The distinction is between an unforeseen change in circumstances (no relief) and a change in circumstances that puts the parties in a situation in which they never agreed to be bound (possible relief). This offers a very limited scope for relief, however; in the paragraph quoted above, the Court of Appeal specifically identified “a wholly abnormal rise or fall in prices” as an unforeseen change in circumstances that “does not in itself affect the bargain [the parties] have made”. The Court of Appeal also emphasized elsewhere in its judgment that “the Court has no power to absolve a party from his contractual obligations simply because he finds them burdensome due to unforseen circumstances”.[8]

It is unlikely that the present rate of inflation could create a “fundamentally different situation” in which the parties “never agreed to be bound” on the standard endorsed in Boise Cascade Canada. Still, this jurisprudence may in extraordinary cases offer the possibility of a way out, depending on the evidence that can be marshalled about the surrounding circumstances at the time of the contract’s formation.

Bottom line

Inflation can be a serious problem for one party to an LTSA because courts are likely to consider rising market prices as a risk that the parties allocated as between themselves when they formed the contract. Courts will not reallocate that risk, even if an unforeseen change in economic circumstances has made performance of the contract economically unsustainable.

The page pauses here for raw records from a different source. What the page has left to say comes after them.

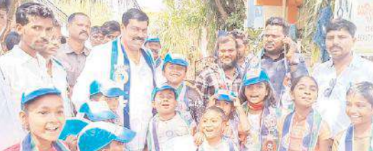
జగన్ మామయ్యకే మా తల్లిదండ్రుల ఓట్లు అంటున్న చిన్నారులు

జగన్ మామయ్యకు జిందాబాద్ అంటున్న చిన్నారులు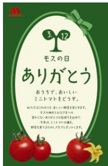
ミニトマトの種（袋）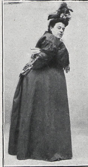
LA DE ORBANEJA, Sra. Train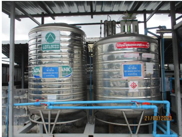
รูปที่ 2-47 น้ำดื่ม (บ้านพักคนงาน)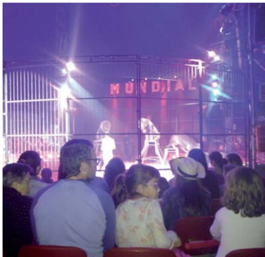
Gran Circo Mundial.

Gente El recinto ferial es un clásico de las fiestas. Las luces, los colores y los sonidos de las atracciones llaman a niños y mayores a disfrutar de las tardes de fiesta. Este año, la novedad han sido las 'sillas voladoras', a 54 metros de altitud que giraban a gran velocidad.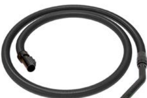
Tuyau d'aspiration complet 2,5 m, antistatique, résist.huile. N° article 118193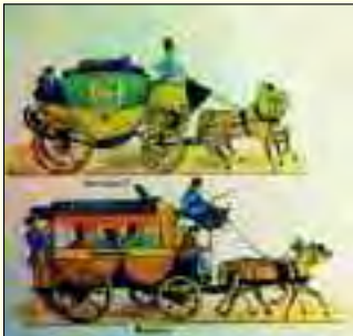
Postkutschen, wie sie auch von Berlin nach Hamburg führen

dem Jahr 1700 war die kurfürstliche Schiffswerft in Havelberg angesiedelt. Das blaue Band der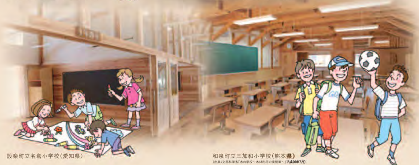
設楽町立名倉小学校(愛知県)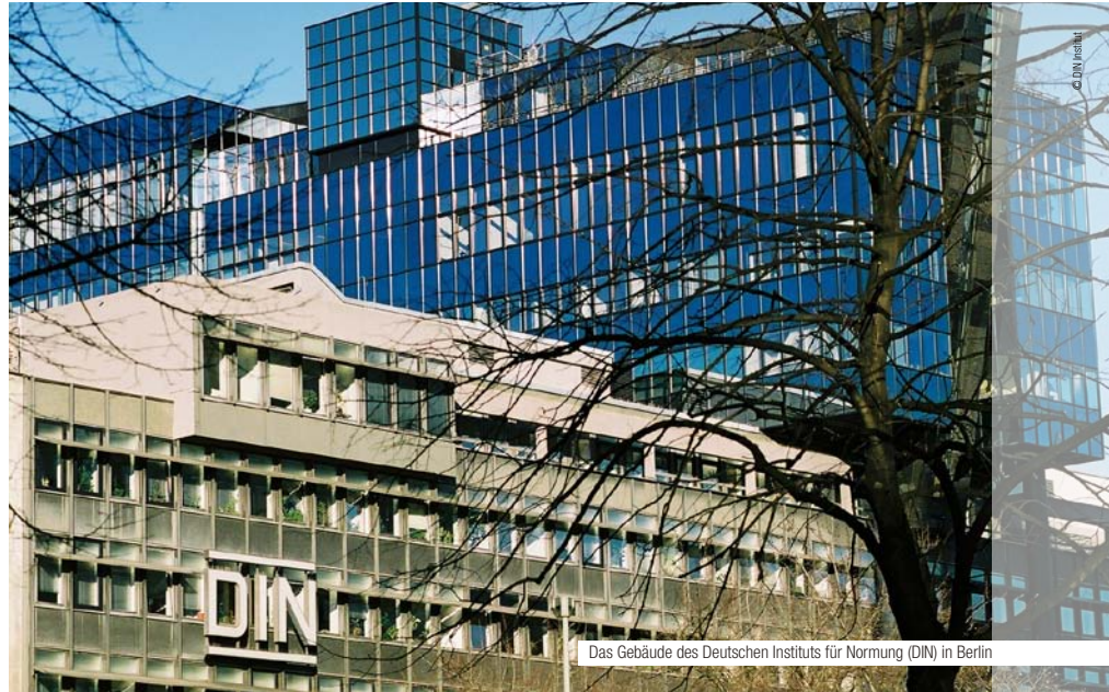
Das Gebäude des Deutschen Instituts für Normung (DIN) in Berlin

Als Paradebeispiel für eine sinnvolle EU-Norm gilt der neue Standard für ein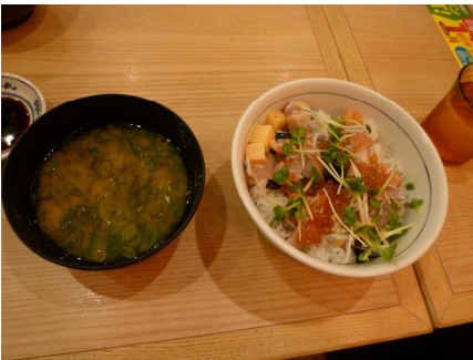
リーズナブルな海鮮丼でした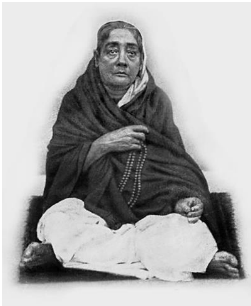
Бхуванесвари Дев (1841–1911)

Я стал тем, кто я есть, благодаря материнской любви, и я в долгу перед матерью, в неоплатном долгу.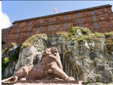
Territoire de Belfort (90)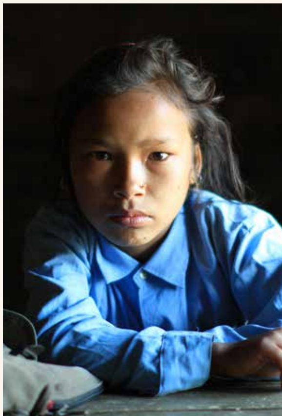
Børnene skal selv planlægge temadage om sund mad på deres skole.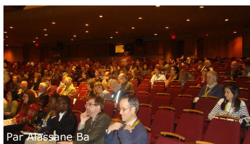
Par Alassane Ba

Plus de 500 participants ont pris part au Rendez-vous international sur la gestion intégrée de l'eau qui s'est tenu du 1 er au 3 juin 2009. L'événement a été organisé conjointement par le Conseil de gouvernance de l'eau des bassins versants de la rivière St-François (COGESAF) et le Centre universitaire de formation en environnement de l'université de Sherbrooke (CUFE). 30 ateliers ont été présentés par 95 conférenciers dans cinq salles portant sur des thématiques distinctes de la gestion de l'eau.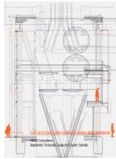
F. Casqueiro y J. Salcedo La estación marítima de Denia Mairea, Madrid, 2013 145 páginas; 15 euros

Denia se comunica con las Islas Baleares mediante fast-ferries de última generación, artefactos de 180 metros de eslora y 30.000 toneladas de peso que se desplazan a una velocidad de 30 nudos y son capaces de transportar 1.500 pasajeros y 300 metros lineales de camiones. Como los fast-ferries que atracan en ella, la nueva dársena de Denia —proyectada por Fernando Casqueiro y Javier Salcedo— es también un edificio extremo desde el punto de vista tecnológico, y su construcción se ha llevado a cabo desde un enfoque que es a la vez mecánico y termodinámico. Esta perspectiva inspira las 145 páginas del libro que describe la terminal mediante fotografías y abundantes detalles constructivos, acompañados de varios ensayos de la mano de Antonio Miranda, los ingenieros consultores del proyecto y los propios arquitectos.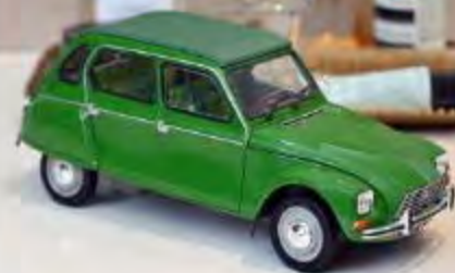
181621 Citroën Dyane 6 1975 Tuileries Green 4 ouvrants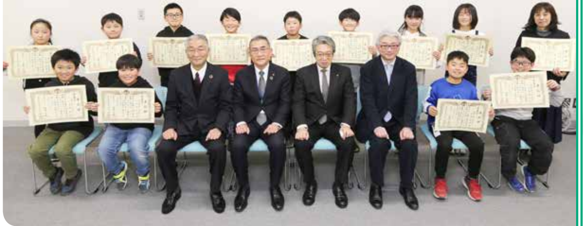
図 学校安全推進課(内線5084)

最高賞の市長賞には、鮎川小の3～4年生5人がまとめた防災マップが選ばれ、審査員からは「少ない人数ながら、地域のことがよくまとめられていました。インタビューをしたことで、地域の皆さんの顔までイメージできるような作りになっており、主体性も見られます」などと講評がありました。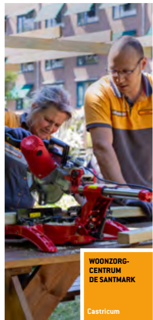
WOONZORG-CENTRUM DE SANTMARK Castricum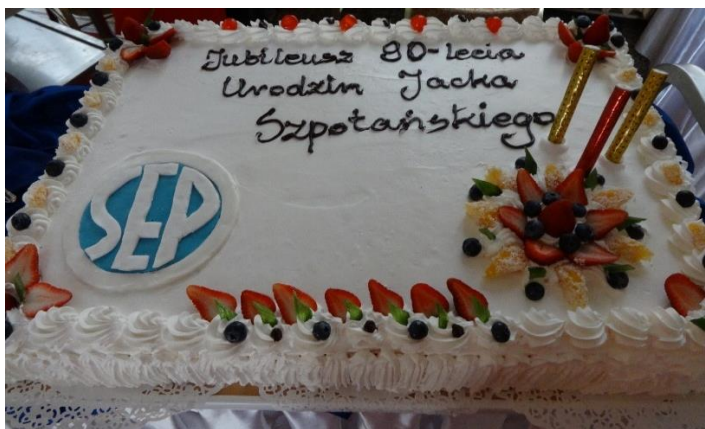
Fot. 5. Tort urodzinowy.

Prezes SEP Piotr Szymczak wznosił toast na cześć Jubilata lampką wina, po toaście na salę wjechał tort urodzinowy dla kol. Jacka Szpotańskiego.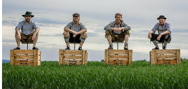
ALPIN DRUMS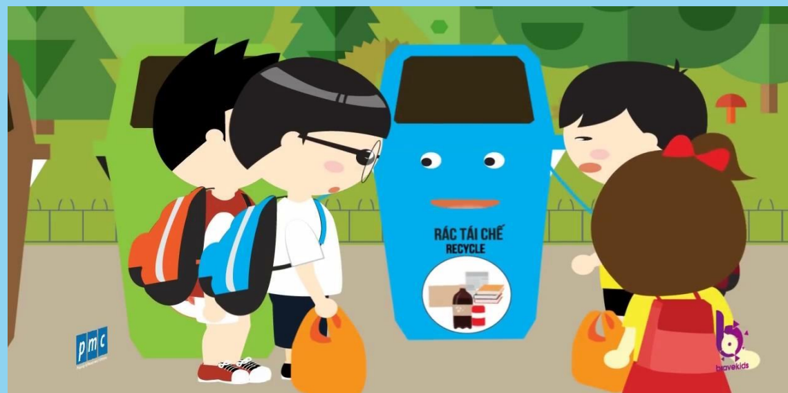
Thùng rác tái chế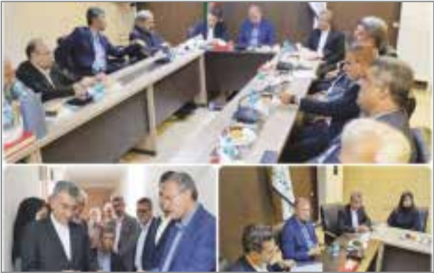
گروه سلامت // با حضور احمد مرادی نماینده مردم هرمزگان در مجلس شورای اسلامی، مرکز فیزیوتراپی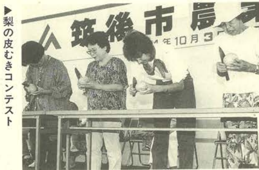
梨の皮むきコンテスト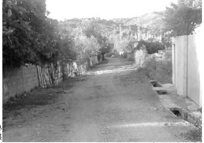
المسلك الوحيد المؤدي إلى لحميمرة

عبر سكان حي لحميمرة ببلدية الشقة بجيجل عن تذرهم من الوضعية المزرية التي يعيشونها، جراء العزلة الخائفة التي تشهدها المنطقة منذ الإستقلال، والتي ازدادت حدتها في الآونة الأخيرة.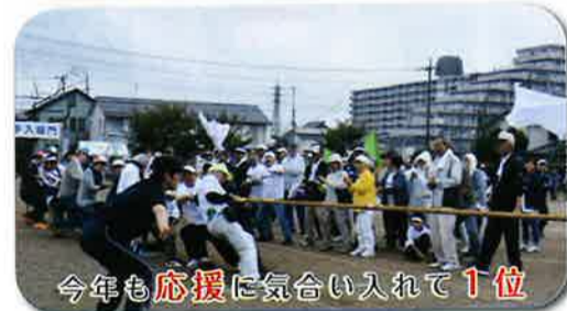
今年も応援に気合い入れて1位

There are, however, certain types of contractual provisions and certain doctrines of contract law that may offer a means of escape. Parties should consider the express terms of the contract and — for the purpose of identifying the parties’ intentions — the evidence available about the surrounding circumstances of the contract’s formation.

For more information, please contact your McCarthy Tétrault advisor or one of the authors.

 

[1] Atlantic Paper Stock Ltd. v. St. Anne-Nackawic Pulp & Paper Co., 1 S.C.R. 580 at p. 583; The Impact of COVID-19 on Contractual Obligations: Force Majeure and Frustration, McCarthy Tétrault Blog (2020).

[2] Naylor Group Inc. v. Ellis-Don Construction Ltd., 2001 SCC 58; The Impact of COVID-19 on Contractual Obligations: Force Majeure and Frustration, McCarthy Tétrault Blog (2020).

[3] Samuel A Rea Jr, “Inflation and the Law of Contracts and Torts” (1982) 14:465 Ottawa Law Review 466.

[4] Energy Fundamentals Group Inc. v. Veresen Inc., 2015 ONCA 514 at para. 30.

[5] Churchill Falls (Labrador) Corp. v. Hydro‑Québec, 2018 SCC 46 at para. 42.

[6] Geoff Hall, Canadian Contractual Interpretation Law (Markham: LexisNexis, 2020), 3.183.18.4. See also: Shaw Cablesystems (Manitoba) Ltd. v. Canadian Legion Memorial Housing Foundation (Manitoba), [1997] M.J. No. 65 (Man. C.A.) at para. 15; Rapatax (1987) Inc. v. Cantax Corp, [1997] A.J. No. 313 (Alta. C.A.) at para. 19.

[7] Boise Cascade Canada Ltd. v. The Queen in right of Ontario (1982), 34 O.R. (2d) 18 (C.A.) [Boise Cascade Canada], quoting British Movietonews Ltd. v. London & District Cinemas Ltd., [1952] A.C. 166 (H.L.) at p. 185 (Viscount Simon) (emphasis added).

[8] Boise Cascade Canada, quoting Boise Cascade Canada Ltd. v. The Queen in right of Ontario (1979), 27 O.R. (2d) 216 (H.C.).